Protecting brand assets

Your unique, pioneering packaging is the envy of competitors and a true stand-out from the crowd. But legally, is it safe from harm, asks Sarah Talland?

 

Packaging plays a crucial commercial role in the FMCG sector.  It is the physical embodiment of your brand, an on the shelf way to tell your story.  If you get your packaging right, it will catch your customers’ attention and persuade them that yours are the right products for them – whether that’s because of the colours, shapes, materials or functionality.

However, get it wrong and you could lose valuable market share or, worse, fade into the background on your retailers’ shelves.

As IP specialists, we are most interested in the issue of protecting market share.  Our job is to make sure that all the elements that make your packaging unique are identified, so it differentiates your products and keeps your customers coming towards you and away from your competitors. This requires you to protect all the unique elements.

If you get your protection strategy right, you instantly minimise the risk of your competitors producing packaging so similar to yours that it confuses your consumers.  This can cannibalise your sales or end with your competitors adopting your best ideas to boost their own products’ market appeal.

As with all aspects of intellectual property (IP), there is not a one size fits all solution.  Different IP rights protect different aspects of your packaging:

Trade marks protect your brand, your name and logo and the colour schemes.

Designs or industrial designs protect the unique design elements you employ, perhaps the shape of your packaging or a particular graphic design.

Your designs could also protect the functional features of your packaging, for example an innovative opening or carrying mechanism.  However, if these features could be described as totally original or ‘novel’, you may wish to explore patent protection.  A good example of a patentable feature is Whitbread’s ‘widget’ which enabled them to sell draught quality beer in cans for the first time; predictably this led to many other brewers trying to use very similar technologies and it could have been disastrous if Whitbread hadn’t secured full patent protection.

Patents also protect any new packaging materials you have invented, for example materials that sustain temperatures or extend the time a product can stay fresh.

While these are the main rights, there are two more you may wish to consider.

Trade secrets protect any confidential information or ‘knowhow’ relevant to the production of your packaging, for example the way you coat or treat your materials or your manufacturing processes.

Copyright protects the artistic elements of your packaging, any unique illustrations, graphics, or patterns.

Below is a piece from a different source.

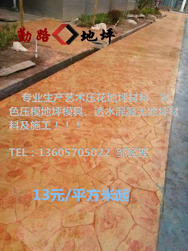 彩色藝術壓印地坪材料構成:彩色硬化劑 、彩色脫模粉 、專用封閉劑 系列材料。(詳情咨詢 tel:13605705022 鄒經理)

It’s important to say the protection process for a new product should never begin with making the requisite applications as soon as you’ve created or identified something unique.  Given how crowded the international FMCG market is, you should always either conduct a clearance search (for trade marks) or some form of Freedom to Operate analysis (for patents and designs) when you have a new idea.

These searches identify that the elements you want to use don’t already exist which would leave you open to potential infringement action.  Yes, this is one more thing to do but given the cost of producing the volume of product you’ll need to enter your chosen markets, how much could it save you if you find out at the 11th hour that you can’t use these products because you could be hit by an expensive infringement action?

Let’s leave on a more positive note.  Protecting your IP rights can also open brand new additional revenue streams.  Once you own your IP, you can explore possible licensing deals, enabling other designers, manufacturers, and other parties to use your ideas in return for a handsome royalty.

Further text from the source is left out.